• Input data:

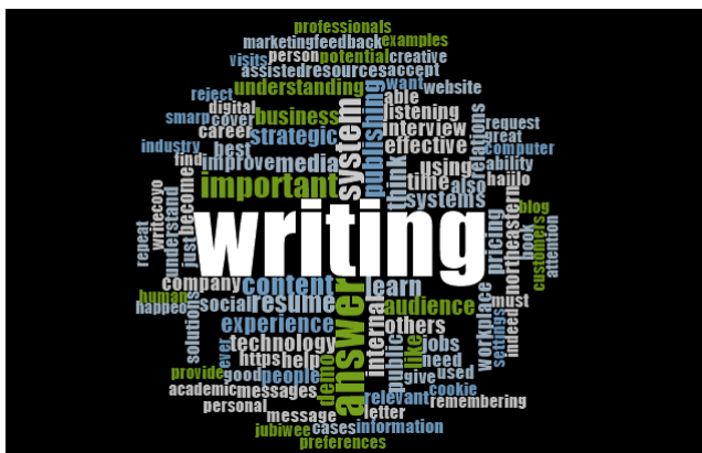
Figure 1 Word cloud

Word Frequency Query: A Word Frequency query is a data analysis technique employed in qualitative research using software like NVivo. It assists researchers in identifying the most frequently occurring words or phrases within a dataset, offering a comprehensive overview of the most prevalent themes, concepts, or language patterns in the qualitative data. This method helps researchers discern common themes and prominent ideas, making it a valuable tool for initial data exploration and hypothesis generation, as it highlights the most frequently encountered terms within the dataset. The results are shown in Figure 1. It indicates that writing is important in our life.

---

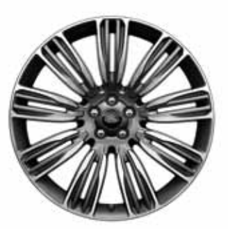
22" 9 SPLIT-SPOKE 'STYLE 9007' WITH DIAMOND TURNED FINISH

• Task:
A word-for-word copy of the lines above from the one with "Figure 1 Word cloud" through the one with "Word Frequency Query: A", inclusive, is the only output wanted.

• Written response:
Figure 1 Word cloud

Word Frequency Query: A Word Frequency query is a data analysis technique employed in qualitative research using software like NVivo. It assists researchers in identifying the most frequently occurring words or phrases within a dataset, offering a comprehensive overview of the most prevalent themes, concepts, or language patterns in the qualitative data. This method helps researchers discern common themes and prominent ideas, making it a valuable tool for initial data exploration and hypothesis generation, as it highlights the most frequently encountered terms within the dataset. The results are shown in Figure 1. It indicates that writing is important in our life.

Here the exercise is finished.